Efforts to boot long-upheld blue laws in Maine have been unsuccessful for years, but hunters are fighting back with a lawsuit against the state. Joel and Virginia Parks of Readfield, members of the Maine Hunters United for Sunday Hunting Facebook group, filed the suit, claiming the ban violates the state's recently enacted right-to-food amendment and "the unalienable constitutional right to harvest food, superseding the old religious ban on Sunday hunting."
The amendment, which was the first of its kind in the United States, is broad in its wording:
"All individuals have a natural, inherent and unalienable right to save and exchange seeds and the right to grow, raise, harvest, produce and consume the food of their own choosing for their own nourishment, sustenance, bodily health and well-being, as long as an individual does not commit trespassing, theft, poaching or other abuses of private property rights, public lands or natural resources in the harvesting, production or acquisition of food."
Thus, the lawsuit claims that the Maine Department of Inland Fisheries and Wildlife's ban on Sunday hunting "unconstitutionally infringes on and violates the rights of the plaintiffs, who seek to hunt on Sundays as a means of providing food for themselves and their family."
Jared Bornstein, a lobbyist in the state legislature as well as the executive director of Maine Hunters United for Sunday Hunting, said the couple makes a strong case.

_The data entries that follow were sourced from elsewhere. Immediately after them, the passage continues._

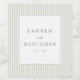 This elegant wedding wine label features a minimalist design with a central white square framed by subtle vertical stripes in soft green shades. The layout is clean and balanced, showcasing the names "Lauren" and "Benjamin" in classic serif typography, complemented by a cursive "and," creating a refined and modern look. Perfect for celebrating your special day, this label combines sophistication with simplicity, making it an ideal choice for those who appreciate understated elegance.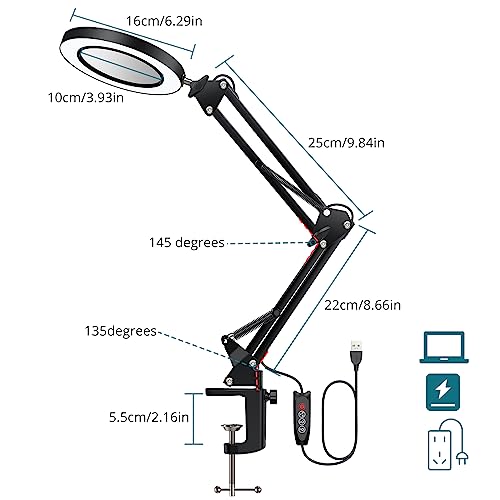 【Braccio Regolabile e Morsetto Robusto】Con un braccio lungo 50 cm e un morsetto con un diametro massimo di 5,5 cm, il nostro ingranditore offre flessibilità e libertà di regolazione dell'angolazione. Inoltre, è dotato di un panno per la pulizia per mantenere costantemente la superficie del vetro pulita e trasparente.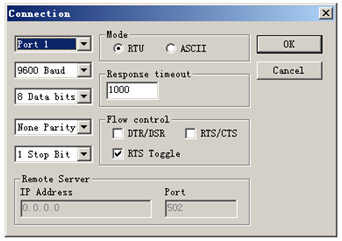 Modbus通信協議分為兩種串行通信模式,ASCII 和RTU 通信模式。在使用時,需要先設定通信模式以及串行口RS232、RS485的通信參數(波特率,奇偶校驗,從機地址,數據位,停止位,字節順序),在Modbus 總線上的所有設備應具有相同的通信模式和串行通信參數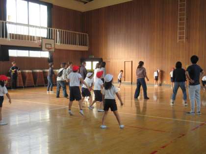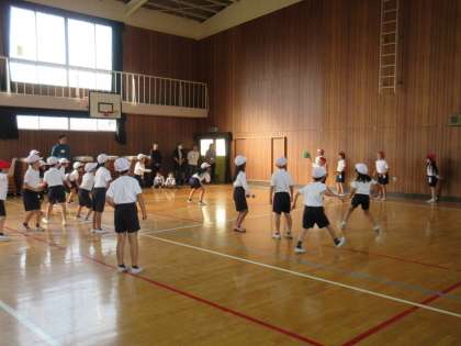 PTAの学級委員会の方々にお世話になり、「親子ドッジボール大会」を計画していただきました。子ども対子どもの試合や子ども対保護者の試合も計画していただきました。みんな楽しいひと時を過ごしました。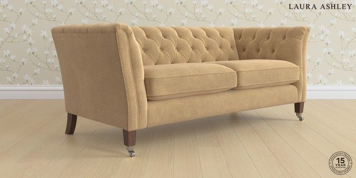 6.12.1 Buy Chatsworth Button Back by Laura Ashley 3 Seater Small Sofa Lundar Chenille Caramel Natural Straight Chrome Castor - Chestnut from the Next UK online shop Click here to use our accessible website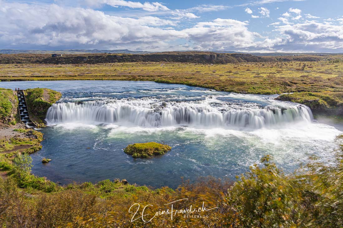Der Selfoss ist ein atemberaubender Wasserfall im Nordosten Islands, der sich majestätisch über eine Breite von etwa 100 Metern in die Tiefe stürzt. Der Selfoss nur wenige Minuten Fussweg vom Dettifoss entfernt.

"This needs little exploration or explanation. It is common sense," he said. "For the majority of Mainers who choose to hunt, it is a spiritual, ancestral and economic necessity that they be afforded the most opportunity to be successful in their harvest. It is for this reason that the court will side decisively with the plaintiffs and invalidate the age-old statute banning the hunting of traditional food sources of Maine wildlife on Sunday."

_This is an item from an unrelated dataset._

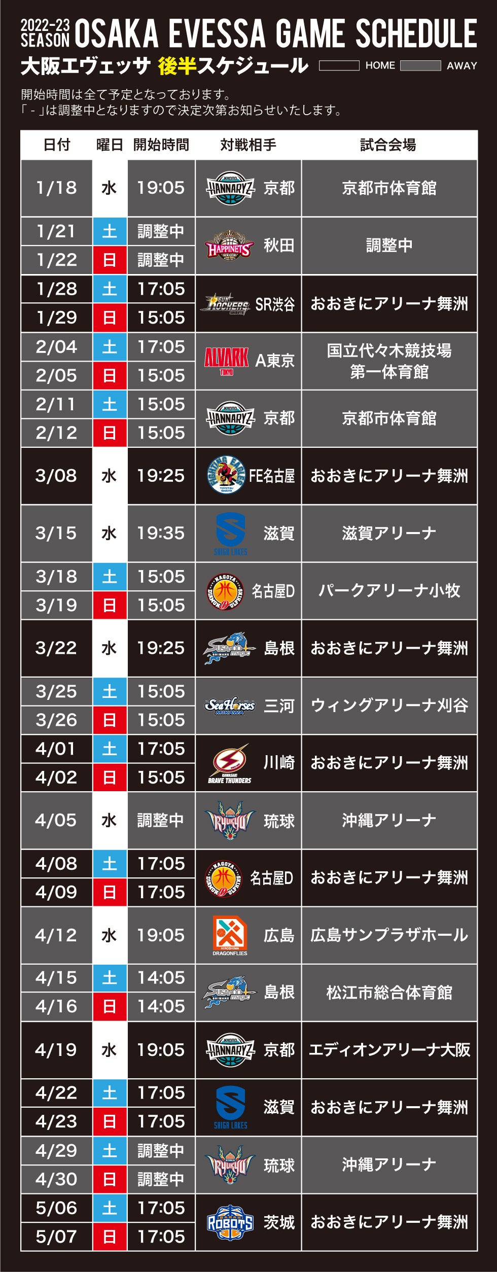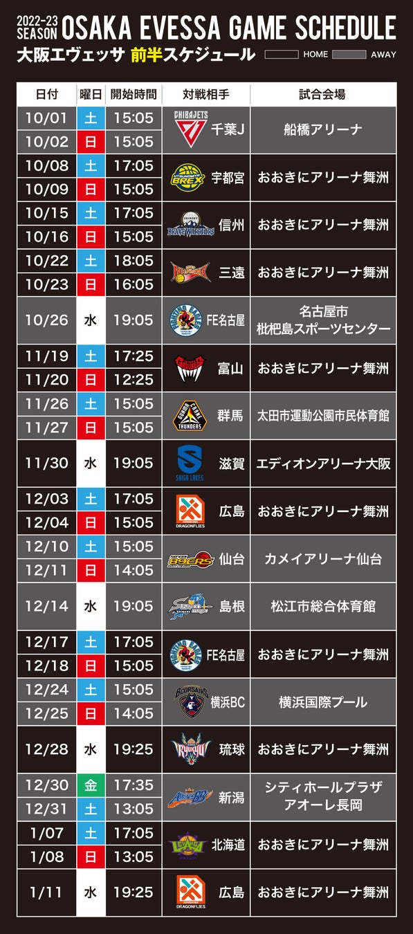 大阪エヴェッサ 2022-23シーズン 全試合日程決定のお知らせ

The suit has taken many by surprise, including State Rep. Billy Bob Faulkingham, R-Winter Harbor, who also happens to be a hunter.

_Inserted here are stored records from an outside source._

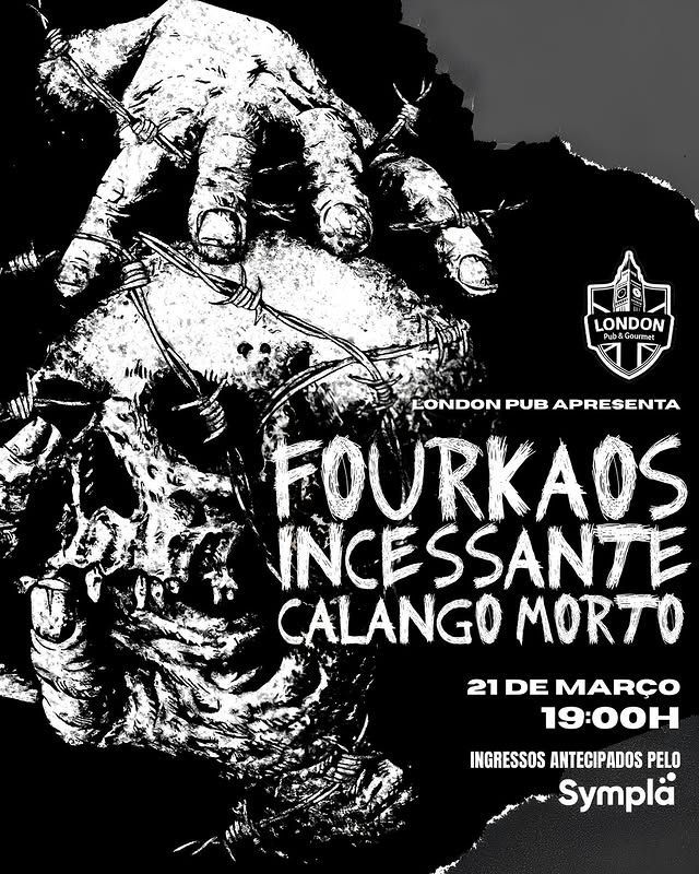 Os ingressos antecipados estão disponíveis em: https://www.sympla.com.br/evento/fourkaos-incessante-calango-morto-london-pub/3320131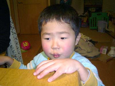 苦いと顔をしかめるS。 あまりにかわいそうなので、 もう1欠片、ミルクチョコをサービスした。 |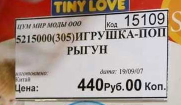 Полина предлагает купить вот такую милую игрушечку. Но я как представил попа-рыгуна - аж вздрогнул весь...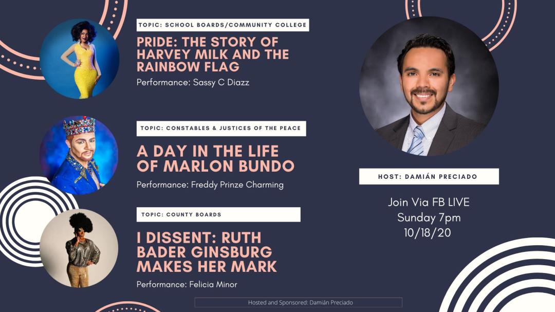 I am excited for a special night of discussion and story hour with the Democracy Night with Drag Story Hour – Arizona with Sassy Charming Diazz, Freddy Prinze Charming and me. This event will be hosted by Damián Preciado.

"I actually didn't see this coming," Faulkingham told the Portland Press Herald. "But I do think the Sunday hunting ban is denying people their inherent right to food and it stops people from harvesting food for arbitrary reasons. It is an unreasonable restriction to people's right to food. It's arbitrary, especially since children are in school and most people work during the week. So the weekend is the only time people can provide food, whether that's harvesting or hunting."
While several states such as Pennsylvania (which historically held similar bans) now allowing for some Sunday hunting, Maine and Massachusetts are the only two that completely prohibit it.
Opponents of Sunday hunting say a change would affect all outdoorsmen and women, not just hunters.
"Maine is more than 90 percent privately owned. Passing this bill will impact not only hunters but Maine's network of over 20,000 miles of snowmobile and ATV trails," Deputy Commissioner Tim Peabody told the Legislature's Joint Committee on Inland Fisheries and Wildlife. "It will impact hikers and snowshoers, skiers and foragers, and many others. This bill is not simply a Sunday hunting issue but is a bill that impacts all outdoor recreation in Maine."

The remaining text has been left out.